2) Paste in Mozilla browser. Result - no russian, only ascii chars appears.
3) Paste in any KDE app. Result - incorrect russian chars appears.
ANALYSIS:
I've traced problem down to 'ctext-pre-write-conversion' defun, which failed
to provide correct conversion. I've hacked it to convert selection directly
to koi8 and append neccessary escape sequences. So, it is now seems to works
for koi, but surely broken for other encodings.
With best regards, Sergey.
;; WORKAROUND (FOR KOI8 AND ASCII ONLY):
(defun ctext-pre-write-conversion (from to)
"Encode characters between FROM and TO as Compound Text w/Extended Segments.
If FROM is a string, or if the current buffer is not the one set up for us
by run_pre_post_conversion_on_str, generate a new temp buffer, insert the
text, and convert it in the temporary buffer. Otherwise, convert in-place."
(cond ((and (string= (buffer-name) " *code-converting-work*")
(not (stringp from)))
; Minimize consing due to subsequent insertions and deletions.
(buffer-disable-undo)
(narrow-to-region from to))
(t
(let ((buf (current-buffer)))
(set-buffer (generate-new-buffer " *temp"))
(buffer-disable-undo)
(if (stringp from)
(insert from)
(insert-buffer-substring buf from to))
(setq from (point-min) to (point-max)))))
(encode-coding-region from to 'cyrillic-koi8-unix)
;; Convert clipboard to extended segment (koi8-r)

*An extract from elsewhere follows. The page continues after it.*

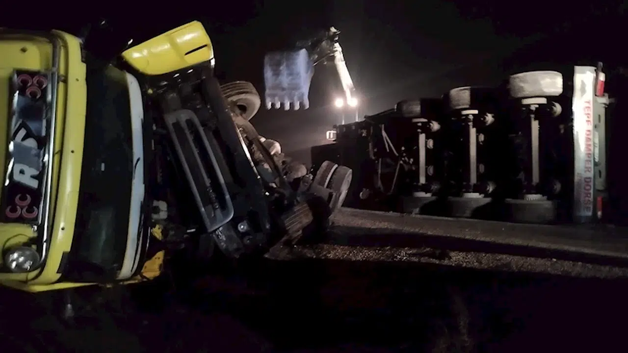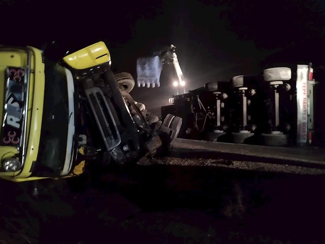 Balıkesir'de devrilen mermer yüklü TIR'ın şoförü yaralandı
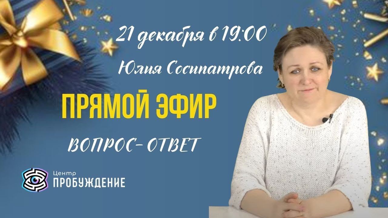 В этом эфире мы сосредоточимся на теме «Вопрос-ответ», чтобы вместе разобрать все интересующие вас вопросы и ситуации. Это уникальная возможность получить ответы на ваши насущные вопросы прямо здесь и сейчас. Вы можете задавать любые вопросы, которые вас волнуют, будь то: - отношения, - саморазвитие, - эмоциональное благополучие, - управление стрессом - или любые другие темы, которые вам интересны. Юлия ответит на каждый вопрос в прямом эфире, обеспечивая вас полезной информацией и ценными рекомендациями. Кроме того, мы также разберем конкретные ситуации, с которыми вы сталкиваетесь. Если у вас есть какой- либо вопрос или сложная ситуация, которую вы хотели бы проанализировать вместе с Юлией, не стесняйтесь делиться. Вместе мы найдем пути решения и поддержки. Присоединяйтесь к нам в прямом эфире и задавайте свои вопросы. Мы с нетерпением ждем вас и верим, что эта встреча принесет вам много пользы. Вопросы можно задавать в прямом эфире или заранее направлять на эл почту: info@probujdenie.ru _____________________ Подробнее о специалисте и консультациях на персональной странице Юлии СОСИПАТРОВОЙ https://probujdenie.ru/persony/julia_sosipatrova/ 28 ноября 19:00 Онлайн Групповая практика с расстановкой https://probujdenie.ru/avtorskaja-rasstanovka-videnie-jasnost-ponimanie-julija-sosipatrova/ Получайте еще больше полезной информации о регрессиях и других темах в телеграмм-канале Центра "Пробуждение": ✨ https://t.me/+HJKxhSQy3640MDJi Подписывайтесь в группу ВК: https://vk.cc/clbZlF Получайте полезные материалы от лучших практиков школы "Пробуждение" https://vk.cc/clc8UR

;; according to http://www.xfree86.org/current/ctext.pdf
;; (Non-Standard Character Set Encodings)
(save-match-data
(goto-char (point-min))
(setq case-fold-search nil)
(while (re-search-forward "[^[:ascii:]]\\{1,16383\\}" nil 'move)
(forward-char)
(setq
text (match-string 0)
length (+ (length text) 7)
M (+ (/ length 128) 128)
L (+ (% length 128) 128)
ext_segment (concat "\x1b\x25\x2f\x31" (vector M L) "koi8-r\x2" text)
)
(replace-match ext_segment)
)
)
nil)